Spring weather means predictable unpredictability in our mountain weather, but those who have managed to find the weather windows have been rewarded with nice crampon conditions in the early morning and softening descents by lunchtime. Good conditions now for those that participated in the snow craft courses to get amongst it. The skiers have been making the most of it as well, with a number of successful descents from the summit. Good work if you can get it! With more snow falling as I write there is no immediate end to the spring season in sight, so it looks like we’ll be crampons well into November.
We’ll make the most of the spring conditions by running a slush summit on the 9th of November. This is aimed at the snow craft graduates, giving you all a crack at a white summit with a bit of supervision from some of the more experienced club members, usually a really popular day, so let Ange know if you are keen.

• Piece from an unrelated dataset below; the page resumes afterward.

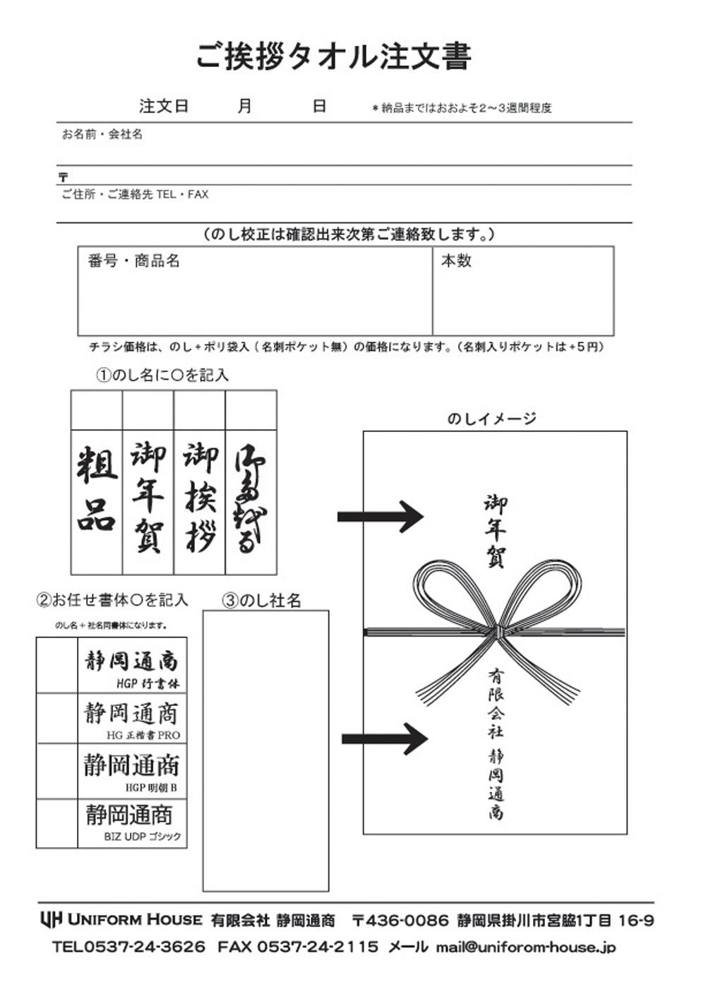 UNIFORM HOUSE (有)静岡通商TEL0537-24-3626FAX0537-24-2115
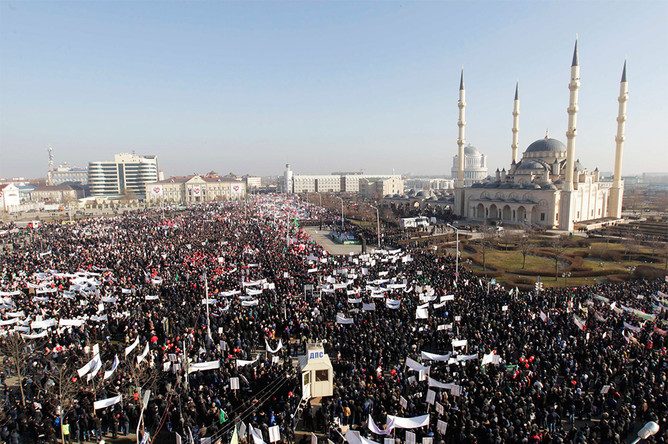 В Грозном завершился марш против карикатур на пророка Мухаммеда. С раннего утра тысячи верующих со всего Северного Кавказа начали прибывать в Грозный для участия в марше. МВД Чечни сообщило, что в акции приняли участие более миллиона человек.

Some bad new recently for the rock rats among us, in that the Mangaokewa crag has now been closed to the public for the purposes of rock climbing. The background in brief, is that the Waitomo District Council has handed ownership of the reserve to DOC, who will ultimately be returning the reserve to Iwi as part of treaty settlement. Future management of the reserve is still being worked out, however in the meantime, Iwi have requested that rock climbing at the reserve ceases, noting that the reserve contains pa sites and waahi tapu. DOC also have safety concerns about the state of the fixed rope lines on the crag. We may be able to negotiate access to the crag again; TAC have made contact with DOC outlining our interest in maintaining access and will collaborate with other organisations such as NZAC to find a solution. In the short term I would advise that we be respectful of the wishes of the Iwi and let the process work itself out. In particular please keep social media rants to polite tone, you might be surprised who reads them.

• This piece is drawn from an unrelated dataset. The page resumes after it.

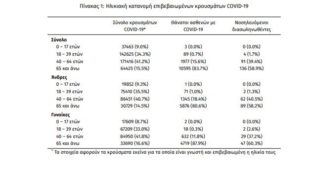 Οι νέοι θάνατοι ασθενών με COVID-19 είναι 18, ενώ από την έναρξη της επιδημίας έχουν καταγραφεί συνολικά 12.664 θάνατοι. Το 95,2% είχε υποκείμενο νόσημα ή/και ηλικία 70 ετών και άνω.
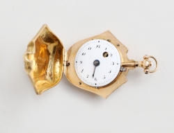 empir tidigt 1800-tal, savonett, sköldformad, rikt graverad dekor av bla. två olika troliga släktvapen sannolikt släkten Grills, invändigt litet spindelur, balansen fungerar, bruttovikt 15,14 gram, 4,2x3

Access to crags and climbing areas has always been a background issue, but with the closing of prominent popular North Island crags such as Castle Rock (Coromandel), Whanganui Bay, and Mangaokewa, the reality for North Island climbers is that ensuring access to climbing areas should be pushed to the forefront of our clubs roles. We need to ensure the continued use of our climbing crags is addressed during any consultation process that might affect access. TAC members should take special interest in the review of the Egmont National Park Management Plan, which may take place sometime early next year. This should be seen as an opportunity to work with the new park management structure to not only ensure access to Taranaki’s crags, but to improve their amenity. For example, what about setting aside Warwick Castle/ Organ pipes valley as a recognised rock and ice recreational area within the park, with managed bolting rights. We need to be talking about these things now, so when the time comes for submissions we are organised, supported and effective.

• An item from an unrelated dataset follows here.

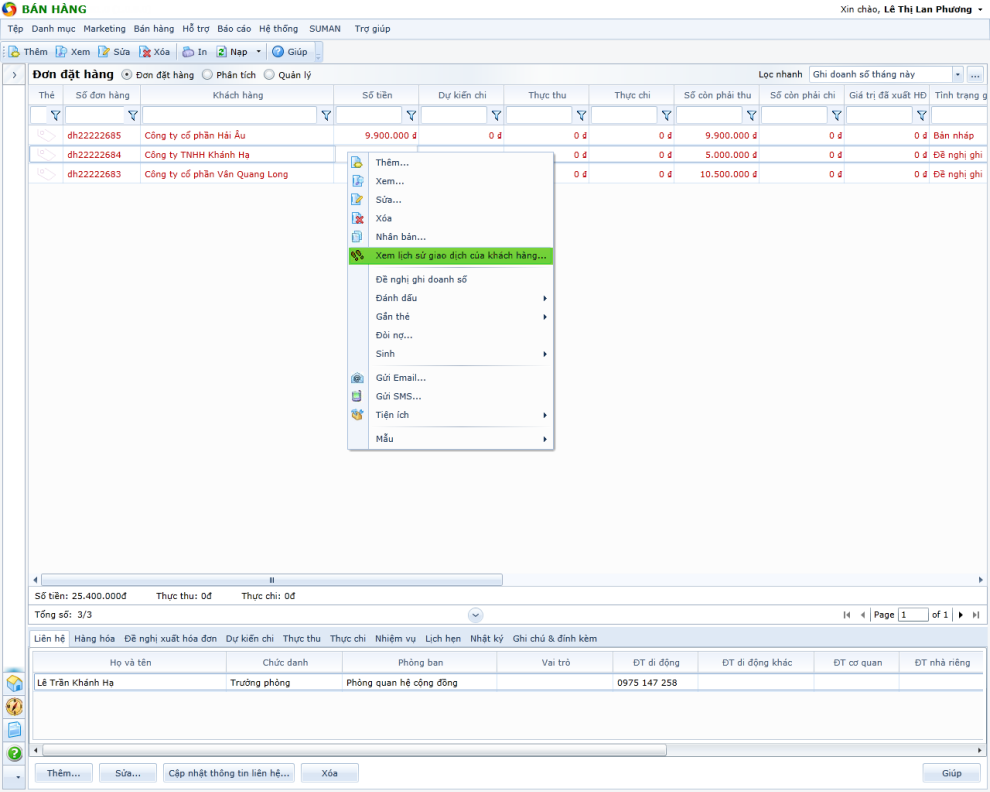 đây tại màn hình danh sách Đơn đặt hàng, nhấn chuột phải và chọn chức năng Xem lịch sử giao dịch của khách

It’ll be up to us, as climbers, to take the lead in tackling the problems around access. No one else is going to care. Climbers and their clubs need to get a grip on the background issues surrounding access, find common ground with Iwi and landowners and accept where our activities might not necessarily accord with tikanga we need to find acceptable alternatives. Otherwise the days of free climbing crag development in the North Island are probably over.
Next club night is the 7th of November, Ross Eden, (well known rogue crag developer in his own right) will be taking a quiz night, at decanter bar. Brush up on your climbing trivia and come along for social night out. There’ll be a bar and food available.